EXERCISE: Would you set down each line of the data below exactly?

DATA SHOWN:
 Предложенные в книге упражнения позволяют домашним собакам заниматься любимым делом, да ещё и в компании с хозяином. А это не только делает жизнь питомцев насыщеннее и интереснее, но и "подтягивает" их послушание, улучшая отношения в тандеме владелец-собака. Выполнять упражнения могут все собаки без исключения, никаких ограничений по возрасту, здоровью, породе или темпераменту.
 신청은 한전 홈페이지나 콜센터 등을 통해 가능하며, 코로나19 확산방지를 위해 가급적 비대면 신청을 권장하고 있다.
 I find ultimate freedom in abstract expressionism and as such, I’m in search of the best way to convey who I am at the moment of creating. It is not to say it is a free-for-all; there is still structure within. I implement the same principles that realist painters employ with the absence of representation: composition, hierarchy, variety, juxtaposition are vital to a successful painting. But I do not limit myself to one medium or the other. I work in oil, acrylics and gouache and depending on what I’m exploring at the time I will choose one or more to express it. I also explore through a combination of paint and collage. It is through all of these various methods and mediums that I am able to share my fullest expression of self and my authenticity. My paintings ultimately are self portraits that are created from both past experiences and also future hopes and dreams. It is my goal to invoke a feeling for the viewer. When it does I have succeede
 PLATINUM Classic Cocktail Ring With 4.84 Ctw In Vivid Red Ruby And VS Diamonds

OUTPUT BELOW:
 Предложенные в книге упражнения позволяют домашним собакам заниматься любимым делом, да ещё и в компании с хозяином. А это не только делает жизнь питомцев насыщеннее и интереснее, но и "подтягивает" их послушание, улучшая отношения в тандеме владелец-собака. Выполнять упражнения могут все собаки без исключения, никаких ограничений по возрасту, здоровью, породе или темпераменту.
 신청은 한전 홈페이지나 콜센터 등을 통해 가능하며, 코로나19 확산방지를 위해 가급적 비대면 신청을 권장하고 있다.
 I find ultimate freedom in abstract expressionism and as such, I’m in search of the best way to convey who I am at the moment of creating. It is not to say it is a free-for-all; there is still structure within. I implement the same principles that realist painters employ with the absence of representation: composition, hierarchy, variety, juxtaposition are vital to a successful painting. But I do not limit myself to one medium or the other. I work in oil, acrylics and gouache and depending on what I’m exploring at the time I will choose one or more to express it. I also explore through a combination of paint and collage. It is through all of these various methods and mediums that I am able to share my fullest expression of self and my authenticity. My paintings ultimately are self portraits that are created from both past experiences and also future hopes and dreams. It is my goal to invoke a feeling for the viewer. When it does I have succeede
 PLATINUM Classic Cocktail Ring With 4.84 Ctw In Vivid Red Ruby And VS Diamonds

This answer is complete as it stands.